On 7 October 2009 Ms Y electronically filed an Undertaking as to Disclosure… The undertaking as to disclosure … was prepared by Ms Y and signed by the husband. Ms Y provided a certificate in the following terms:
“I am the lawyer for the person giving the undertaking and I certify that I have explained to the person giving the undertaking:
(a) the nature and terms of the undertaking; and
(b) that the undertaking is a promise to the court to comply with its terms; and
(c) the undertaking has the same effect as an order of the court; and
(d) that a breach of the undertaking may be a contempt of the court punishable by a fine or imprisonment.”
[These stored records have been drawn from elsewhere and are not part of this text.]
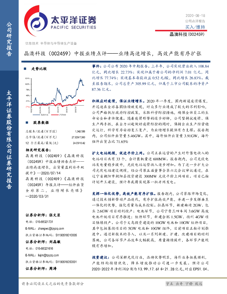 太平洋证券:晶澳科技(002459)-中报业绩点评:业绩高速增长,高效产能有序扩张.pdf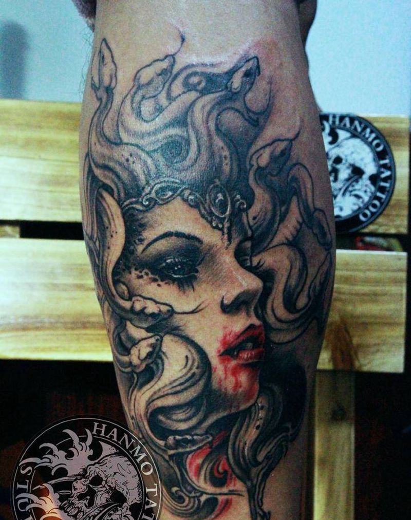 美杜莎头像纹身图片_臀部腿部欧美写实纹身图案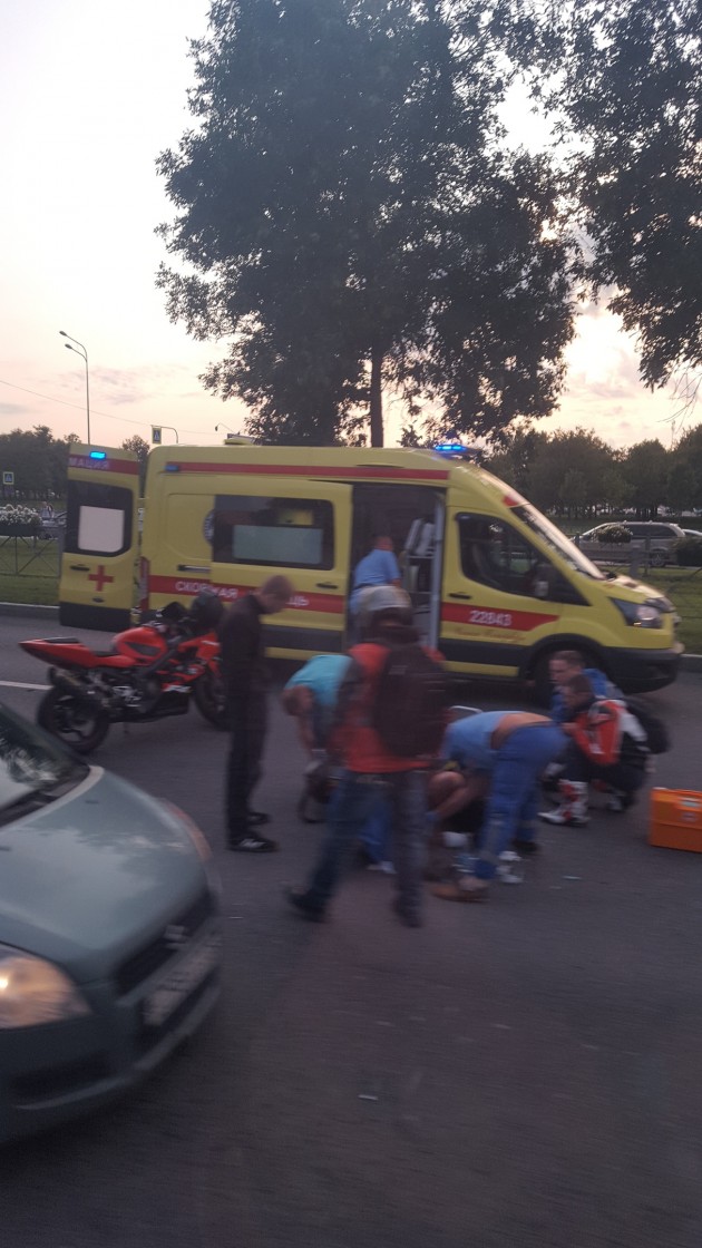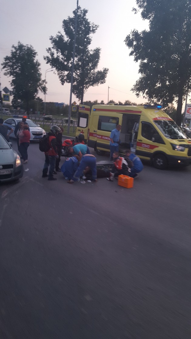 Примерно в 18:06. Мотоцикл и еще участники. Дтп с мото на перекрестке Пулковского ш. и Дунайского пр..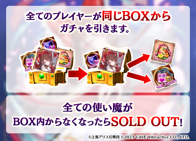 - 【BOX内すべての中身が0】もしくは【BOX内の目玉使い魔の残数が0】になった場合、「SOLD OUT」となり、本シェアBOXガチャを引くことができなくなります。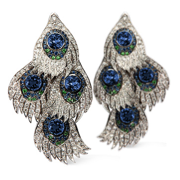 Серьги Carrera y Carrera Peacock, белое золото, бриллианты, драг. камни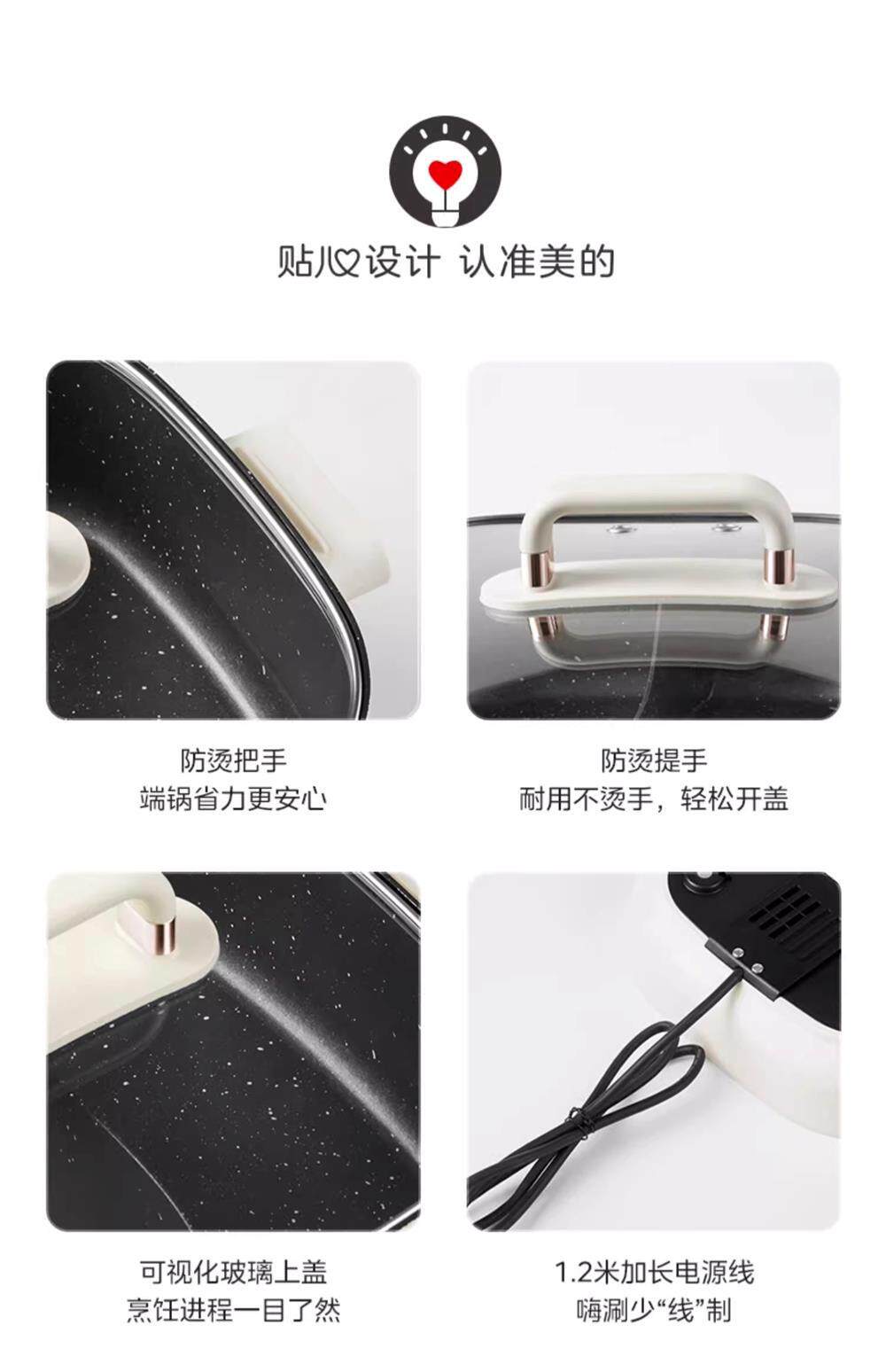 美的MC-HGS282813电火锅鸳鸯分体式多功能煮锅煎炒电热锅不粘锅 商品图4
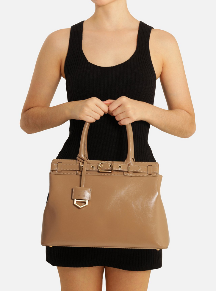 Bolsa tote grande de couro bege. O acessório tem formato estruturado, laterais arredondadas e acabamento liso. Traz duas alças de mão e fecho superior em zíper com puxador em tira. Com recorte superior e detalhe em tira com passador e fivela, que se assemelha a um cinto, além de bag charm removível em metal com assinatura discreta do nome da marca.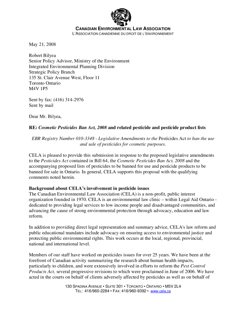 File 1.0 - CELA briefs and responses to government consultations toxics

Ms Y prepared an affidavit sworn by the husband on 23 October 2009 and took the husband’s oath before he swore that affidavit. The primary purpose of this affidavit was to address allegations that the husband had failed to make full and frank disclosure. It did not mention anything about the agreement which had been reached between the husband and Mr EN, nor anything about any of the transactions that the husband had actually been involved in with Mr EN.
On 23 October 2009 Ms Y also prepared and took the husband’s oath when he verified his financial statement. That financial statement did not disclose the agreement that had been reached between the husband and Mr EN.
Ms Y instructed counsel for the husband at the hearing and was present at the bar table during the four days of the hearing (26 – 29 October 2009). On 27 October 2009 and again on 28 October 2009, the husband gave false oral evidence about the agreement which had been reached between the husband and Mr EN. Prima facie, Ms Y knew that the evidence was false but, remained silent and continued to act for the husband to the conclusion of the hearing.
As I indicated on the final day of the hearing, the matter will be relisted so Ms Y has an opportunity to lead evidence and/or address me, if she wishes to, as to whether she should be referred to the Legal Services Commission.
Counsel for the husband’s prima facie lack of knowledge about the deception
I have nothing to indicate counsel for the husband received any instructions from the solicitor for the husband about her knowledge of the arrangements between Mr EN and the husband.
In final submissions and before the [husband’s commercial lawyers] files arrived, counsel for the husband said “you have, in my submission, sufficient evidence to know that Mr [EN] is not going to walk away for nothing”. I infer from that counsel for the husband had no idea about the discussions that his instructing solicitor had with the husband’s commercial lawyers.